I believe the following function is a working solution for pandas DataFrame rolling argmin/max:
import numpy as np
def data_frame_rolling_arg_func(df, window_size, func):
ws = window_size
wm1 = window_size - 1
return (df.rolling(ws).apply(getattr(np, f'arg{func}'))[wm1:].astype(int) +
np.array([np.arange(len(df) - wm1)]).T).applymap(
lambda x: df.index[x]).combine_first(df.applymap(lambda x: np.NaN))
It is inspired from a partial solution for rolling idxmax on pandas Series.
Explanations:
- Apply the numpy argmin/max function to the rolling window.
- Only keep the non-
NaN
values. - Convert the values to
int
. - Realign the values to original row numbers.
- Use
applymap
to replace the row numbers by the index values. - Combine with the original
DataFrame
filled withNaN
in order to add the first rows with expectedNaN
values.
In [1]: index = map(chr, range(ord('a'), ord('a') + 10))

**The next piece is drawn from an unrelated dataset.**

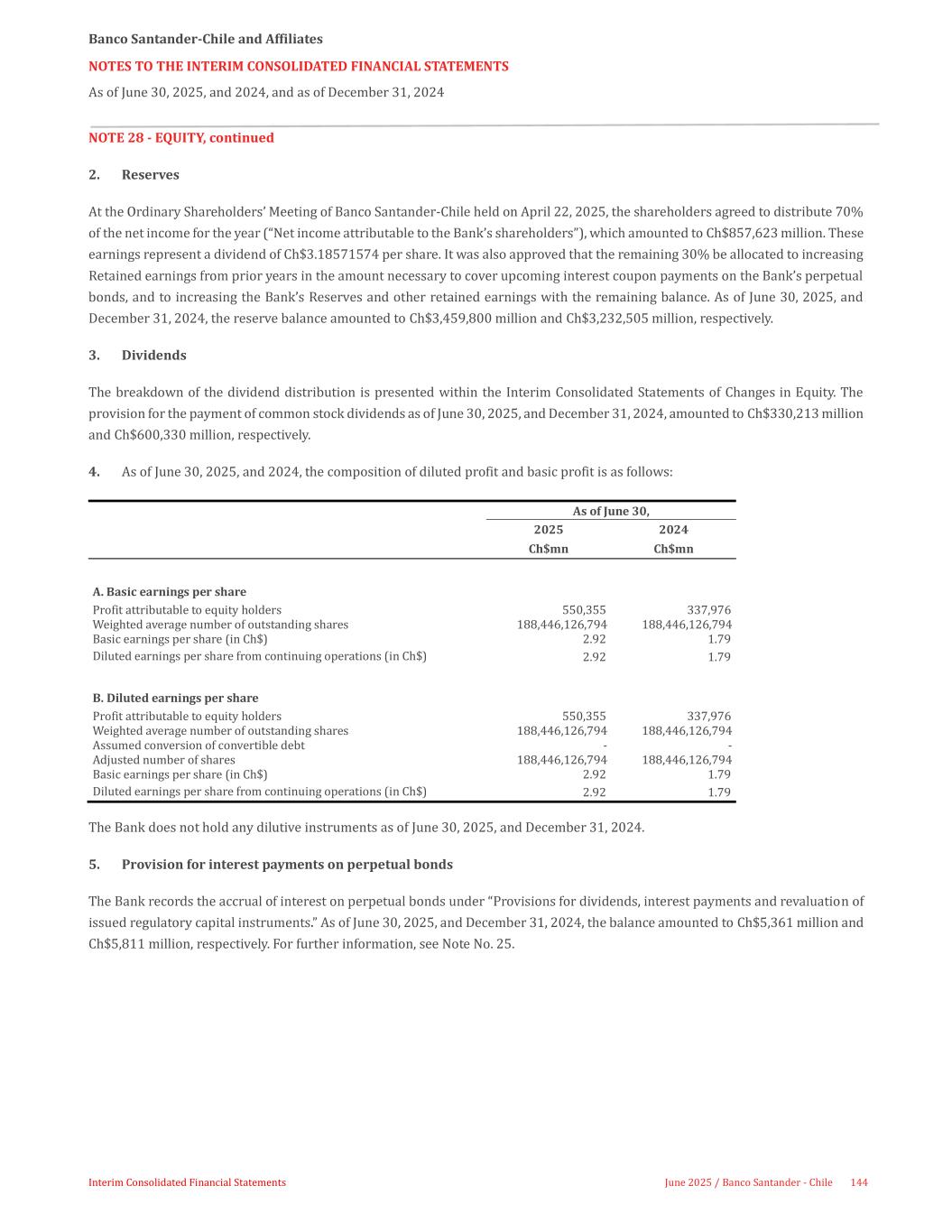 Banco Santander-Chile and Affiliates NOTES TO THE INTERIM CONSOLIDATED FINANCIAL STATEMENTS As of June 30, 2025, and 2024, and as of December 31, 2024 Interim Consolidated Financial Statements June 2025 / Banco Santander - Chile 144 NOTE 28 - EQUITY, continued 2. Reserves A -Chile held on April 22, 2025, the shareholders agreed to distribute 70% Ch$857,623 million. These earnings represent a dividend of Ch$3.18571574 per share. It was also approved that the remaining 30% be allocated to increasing eserves and other retained earnings with the remaining balance. As of June 30, 2025, and December 31, 2024, the reserve balance amounted to Ch$3,459,800 million and Ch$3,232,505 million, respectively. 3. Dividends The breakdown of the dividend distribution is presented within the Interim Consolidated Statements of Changes in Equity. The provision for the payment of common stock dividends as of June 30, 2025, and December 31, 2024, amounted to Ch$330,213 million and Ch$600,330 million, respectively. 4. As of June 30, 2025, and 2024, the composition of diluted profit and basic profit is as follows: As of June 30, 2025 2024 Ch$mn Ch$mn A. Basic earnings per share Profit attributable to equity holders 550,355 337,976 Weighted average number of outstanding shares 188,446,126,794 188,446,126,794 Basic earnings per share (in Ch$) 2.92 1.79 Diluted earnings per share from continuing operations (in Ch$) 2.92 1.79 B. Diluted earnings per share Profit attributable to equity holders 550,355 337,976 Weighted average number of outstanding shares 188,446,126,794 188,446,126,794 Assumed conversion of convertible debt - - Adjusted number of shares 188,446,126,794 188,446,126,794 Basic earnings per share (in Ch$) 2.92 1.79 Diluted earnings per share from continuing operations (in Ch$) 2.92 1.79 The Bank does not hold any dilutive instruments as of June 30, 2025, and December 31, 2024. 5. Provision for interest payments on perpetual bonds n of Ch$5,361 million and Ch$5,811 million, respectively. For further information, see Note No. 25.

In [2]: df = pd.DataFrame((10 * np.random.randn(10, 3)).astype(int), index=index)
In [3]: df
Out[3]:
0 1 2
a -4 15 0
b 0 -6 4
c 7 8 -18
d 11 12 -16
e 6 3 -6
f -1 4 -9
g 6 -10 -7
h 8 11 -25
i -2 -10 -8
j 0 10 -7
In [4]: data_frame_rolling_arg_func(df, 3, 'max')
Out[4]:
0 1 2
a NaN NaN NaN
b NaN NaN NaN
c c a b
d d d b
e d d e
f d d e
g e f e
h h h g
i h h g
j h h j
In [5]: data_frame_rolling_arg_func(df, 3, 'min')
Out[5]:
0 1 2
a NaN NaN NaN
b NaN NaN NaN
c a b c
d b b c
e e e c
f f e d
g f g f
h f g h
i i g h
j i i h
My question are:
- Can you find any mistakes?
- Is there a better solution? That is: more performant and/or more elegant.
And for pandas maintainers out there: it would be nice if the already great pandas library included rolling idxmax and idxmin.